RMB 30-80 (ticket prices vary by attractions visited)


8:30am-4:30pm daily

How to get there:

Morning buses depart for Zhujiajiao from Shanghai Stadium's Gate 5. Buses (about RMB 12) also run from People's Square at the intersection of Lao Chengdubei Road and Dagu Road and take about an hour.

Modern Shanghai isn't just all skyscrapers and flyovers. The actual municipality covers an astonishing 7,037 sq km (2,717 sq mi), and within that urban sprawl, pockets of Old China endure, and the outlying water town of Zhujiajiao (Zhūjiājiǎo, 朱家角) is the most charming.

Like Yangtze River water towns such as Tongli and Zhouzhuang, Zhujiajiao presents a charming face: willow-lined canals; traditional residences with whitewashed walls, grey slate roofs and classical garden courtyards; calm temples; crooked cobbled lanes and ancient stone bridges spanning waterways plied by flat-bottomed boats.

Zhujiajiao makes for a fantastic day-trip escape from the clamor and clutter of modern Shanghai, and it's a wonderful window into China's past.

The town, which was founded over 1,700 years ago, occupies land that archaeological records show has known human settlement for over 5,000 years. It became a regional commercial center during the Song and Yuan dynasties and, as Shanghai grew in later years, was eventually absorbed into the metropolis' expanding suburbs.

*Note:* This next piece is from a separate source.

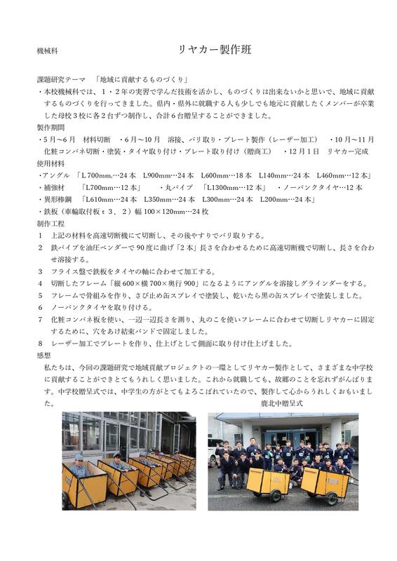 5 機械科発表 『リヤカー製作班』

Its impressive architectural heritage includes a number of Ming and Qing Dynasty bridges, including the famed Fangsheng Bridge (Fàngshēng Qiáo, 放生桥) near the entrance to town where you'll find vendors offering you goldfish to release into the water from the high bridge, which dates back to 1571, for good luck. Look for the "Dragon Gate Stone" tablet with its eight dragons coiled around a pearl and the four carved lions standing watch over the bridge.

The Huimin Bridge (Huìmín Qiáo, 惠民桥), also called Lang Bridge (Láng Qiáo, 廊桥), is another unique Zhujiajiao treasure—it's the town's only wooden bridge, enclosing pedestrians in slatted walls beneath upturned eaves

You'll find plenty of byways to wander in Zhujiajiao. The winding primary tourist street, North Street (Běi Dàjiē, 北大街), is lined with Ming and Qing-era dwellings, many of which feature pleasant canal lookouts. While you can also grab a delcious local meal on North Street, be careful; a recent story in Shanghai Daily revealed restaurants with seperate English and Chinese menus with the former having prices as much as 50 percent higher! Bring a pocket phrase book along and confirm you're not paying a special "foreigner price."